• SUPPLIED RECORDS:
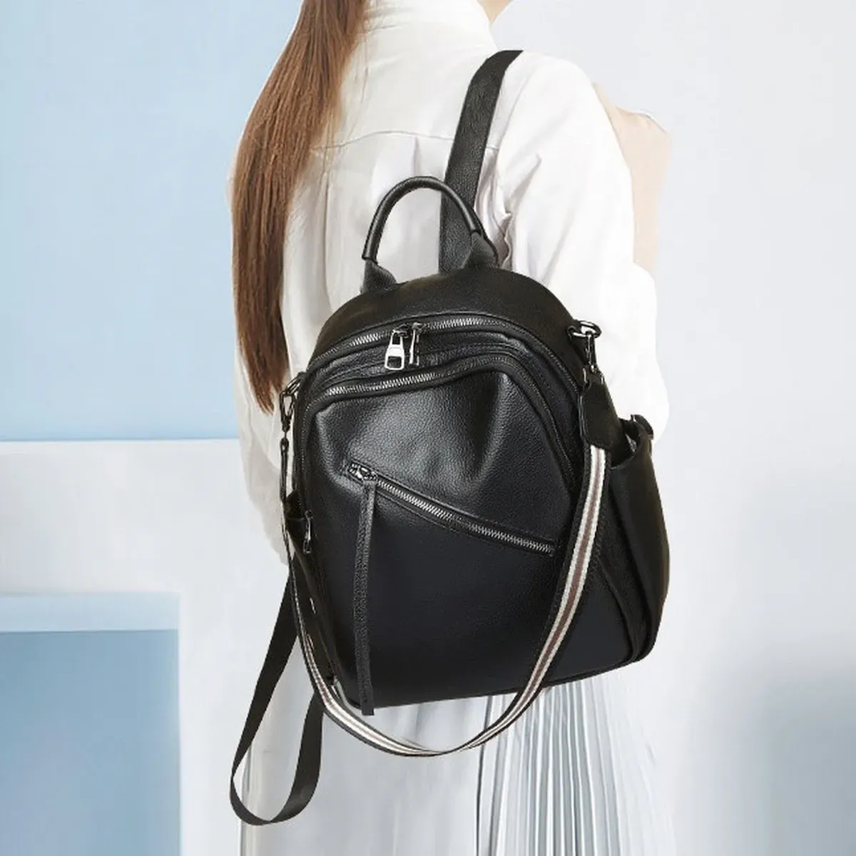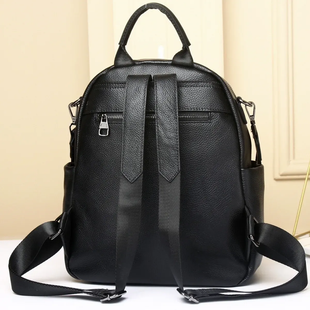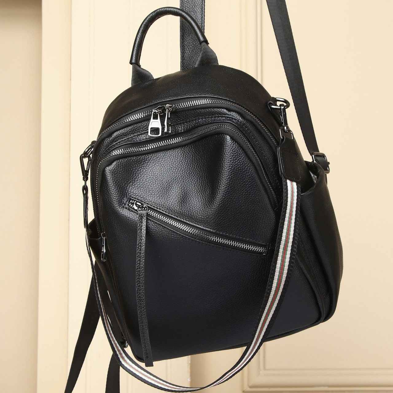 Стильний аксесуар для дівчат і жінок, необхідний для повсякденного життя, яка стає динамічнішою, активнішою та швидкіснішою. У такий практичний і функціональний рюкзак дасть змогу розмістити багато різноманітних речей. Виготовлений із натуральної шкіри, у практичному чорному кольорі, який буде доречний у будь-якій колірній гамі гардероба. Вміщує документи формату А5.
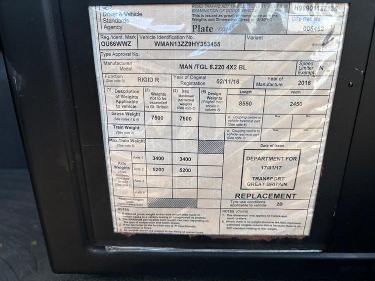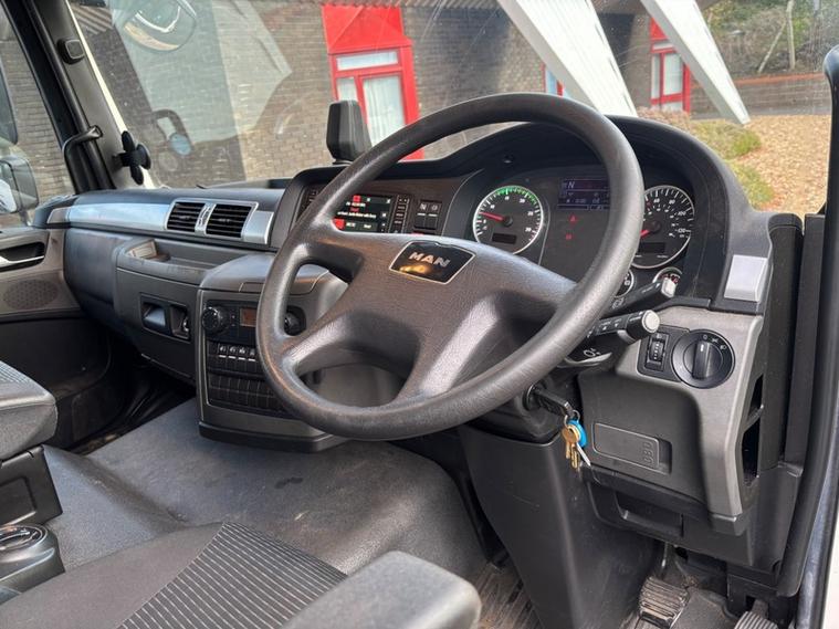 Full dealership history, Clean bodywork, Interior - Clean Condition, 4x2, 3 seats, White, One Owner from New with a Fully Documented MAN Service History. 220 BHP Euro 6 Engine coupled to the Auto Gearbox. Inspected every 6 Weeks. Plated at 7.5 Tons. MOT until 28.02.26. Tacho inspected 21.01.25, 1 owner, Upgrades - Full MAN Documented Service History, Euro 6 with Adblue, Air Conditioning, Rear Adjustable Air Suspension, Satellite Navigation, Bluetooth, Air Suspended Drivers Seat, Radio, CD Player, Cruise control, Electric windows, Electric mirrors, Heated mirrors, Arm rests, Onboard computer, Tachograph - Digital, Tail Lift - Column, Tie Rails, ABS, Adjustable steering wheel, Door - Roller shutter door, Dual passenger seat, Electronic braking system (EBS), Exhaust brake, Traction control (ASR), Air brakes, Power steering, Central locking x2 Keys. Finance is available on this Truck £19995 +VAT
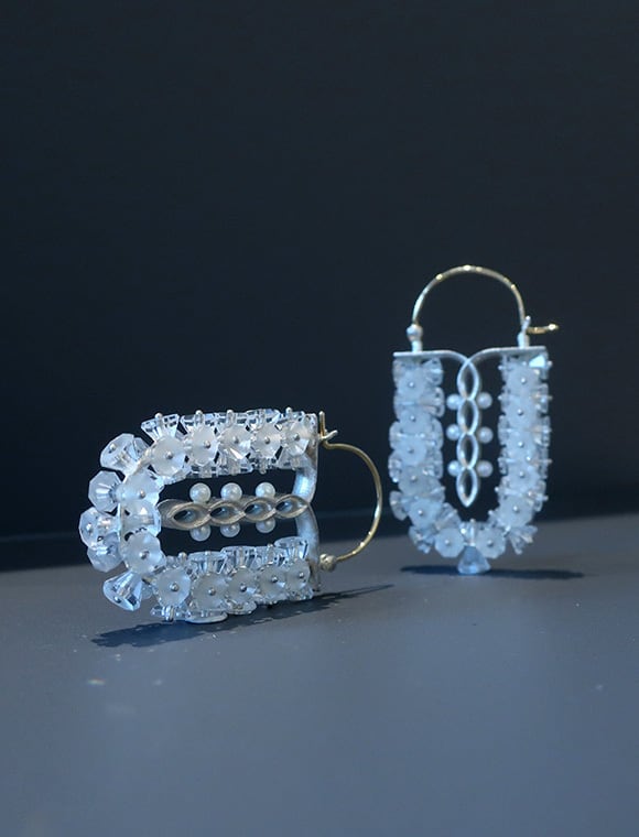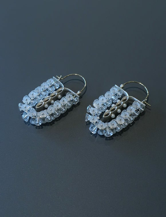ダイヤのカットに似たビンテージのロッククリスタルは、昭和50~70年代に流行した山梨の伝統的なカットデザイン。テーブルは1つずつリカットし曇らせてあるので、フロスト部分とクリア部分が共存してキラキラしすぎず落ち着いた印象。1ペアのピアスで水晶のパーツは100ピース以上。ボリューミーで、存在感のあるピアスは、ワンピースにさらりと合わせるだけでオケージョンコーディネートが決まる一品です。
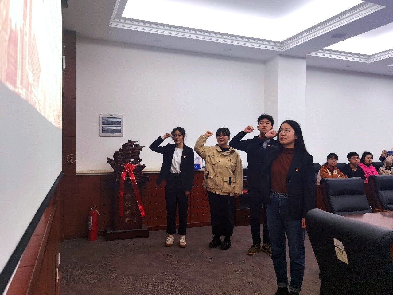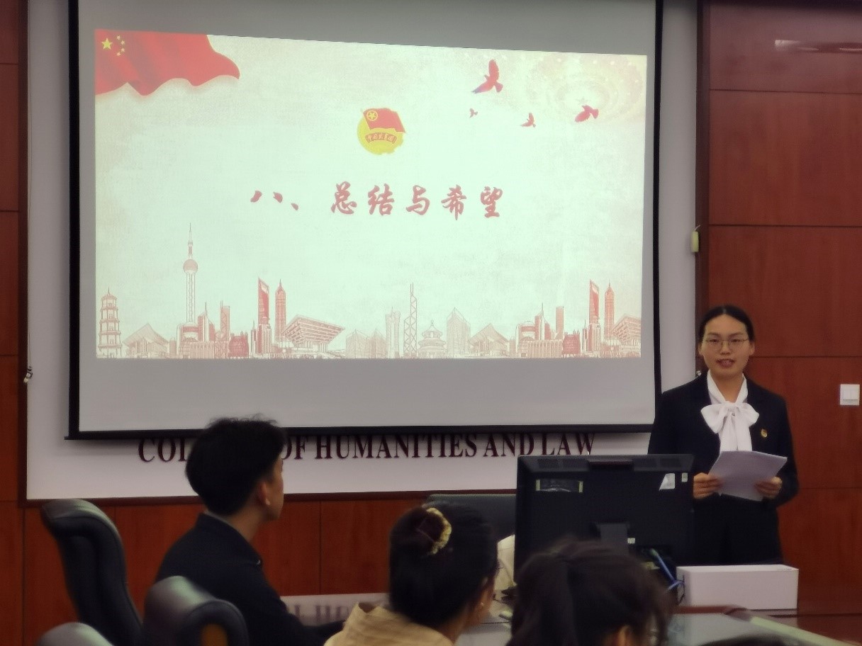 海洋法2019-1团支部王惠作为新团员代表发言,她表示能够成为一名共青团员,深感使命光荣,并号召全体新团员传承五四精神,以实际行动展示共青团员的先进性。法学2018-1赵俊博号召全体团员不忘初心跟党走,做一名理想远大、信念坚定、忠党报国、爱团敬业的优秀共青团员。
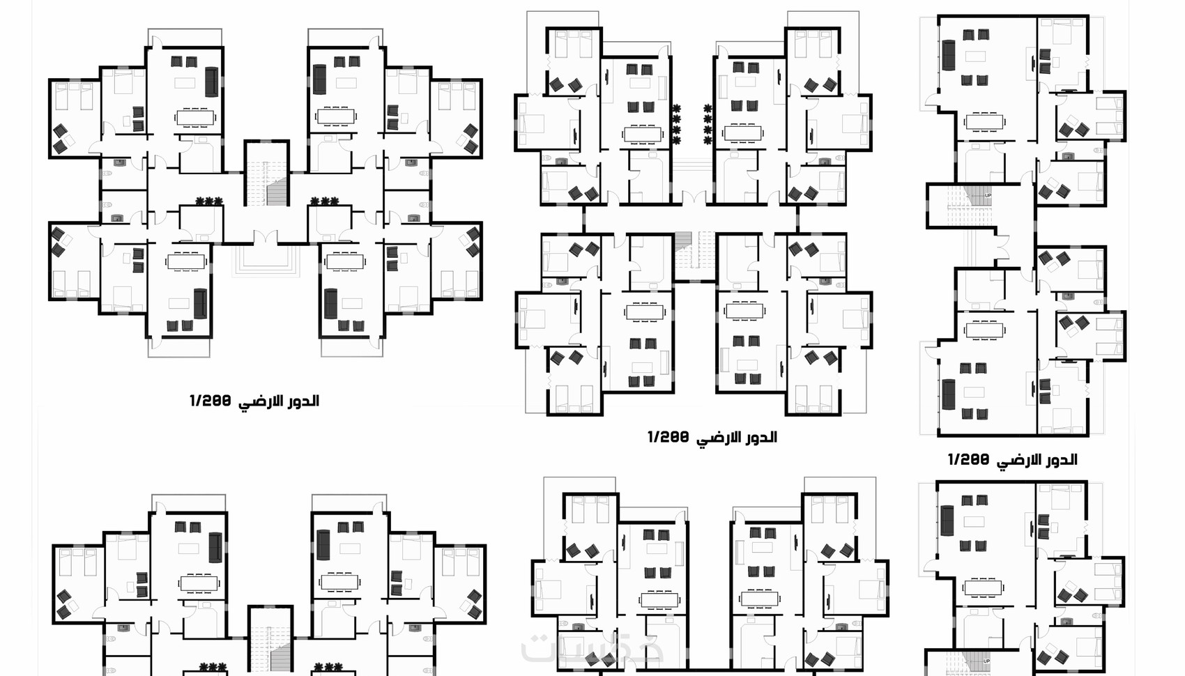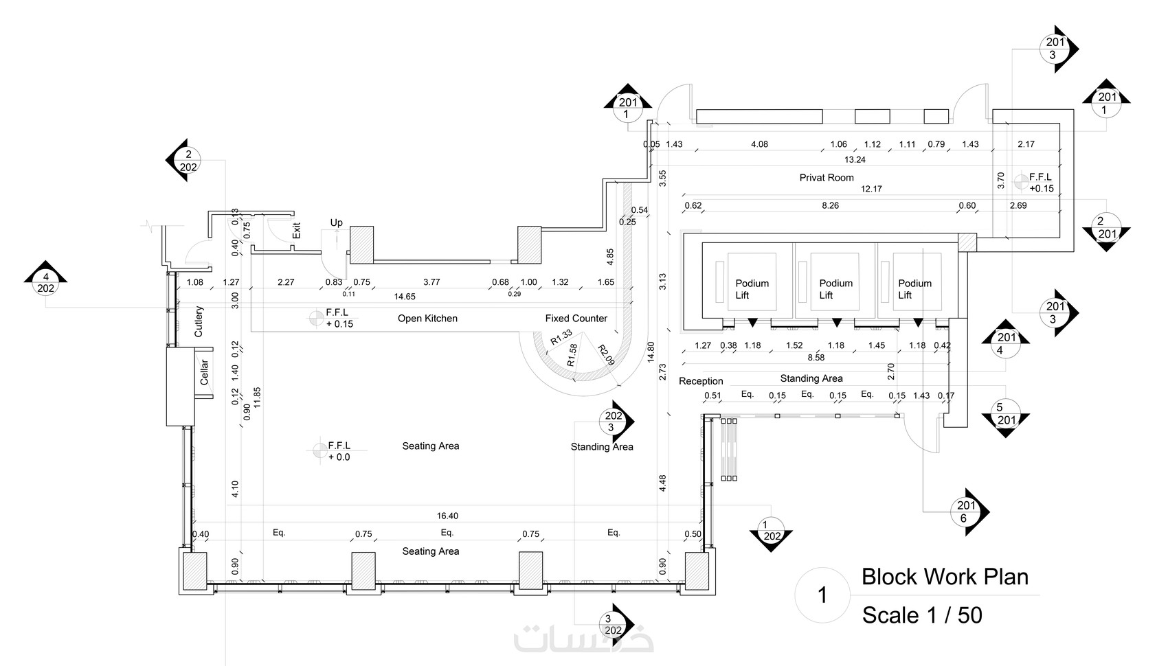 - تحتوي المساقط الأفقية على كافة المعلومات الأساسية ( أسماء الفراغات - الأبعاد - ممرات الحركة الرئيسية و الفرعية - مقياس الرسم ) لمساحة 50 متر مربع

• TASK INSTRUCTIONS: Working from the records above, reproduce exactly the lines from the one with "Full dealership history, Clean" through the last line, without the pictures.

• REPLY TO THE EXERCISE:
 Full dealership history, Clean bodywork, Interior - Clean Condition, 4x2, 3 seats, White, One Owner from New with a Fully Documented MAN Service History. 220 BHP Euro 6 Engine coupled to the Auto Gearbox. Inspected every 6 Weeks. Plated at 7.5 Tons. MOT until 28.02.26. Tacho inspected 21.01.25, 1 owner, Upgrades - Full MAN Documented Service History, Euro 6 with Adblue, Air Conditioning, Rear Adjustable Air Suspension, Satellite Navigation, Bluetooth, Air Suspended Drivers Seat, Radio, CD Player, Cruise control, Electric windows, Electric mirrors, Heated mirrors, Arm rests, Onboard computer, Tachograph - Digital, Tail Lift - Column, Tie Rails, ABS, Adjustable steering wheel, Door - Roller shutter door, Dual passenger seat, Electronic braking system (EBS), Exhaust brake, Traction control (ASR), Air brakes, Power steering, Central locking x2 Keys. Finance is available on this Truck £19995 +VAT
ダイヤのカットに似たビンテージのロッククリスタルは、昭和50~70年代に流行した山梨の伝統的なカットデザイン。テーブルは1つずつリカットし曇らせてあるので、フロスト部分とクリア部分が共存してキラキラしすぎず落ち着いた印象。1ペアのピアスで水晶のパーツは100ピース以上。ボリューミーで、存在感のあるピアスは、ワンピースにさらりと合わせるだけでオケージョンコーディネートが決まる一品です。
 海洋法2019-1团支部王惠作为新团员代表发言,她表示能够成为一名共青团员,深感使命光荣,并号召全体新团员传承五四精神,以实际行动展示共青团员的先进性。法学2018-1赵俊博号召全体团员不忘初心跟党走,做一名理想远大、信念坚定、忠党报国、爱团敬业的优秀共青团员。
 - تحتوي المساقط الأفقية على كافة المعلومات الأساسية ( أسماء الفراغات - الأبعاد - ممرات الحركة الرئيسية و الفرعية - مقياس الرسم ) لمساحة 50 متر مربع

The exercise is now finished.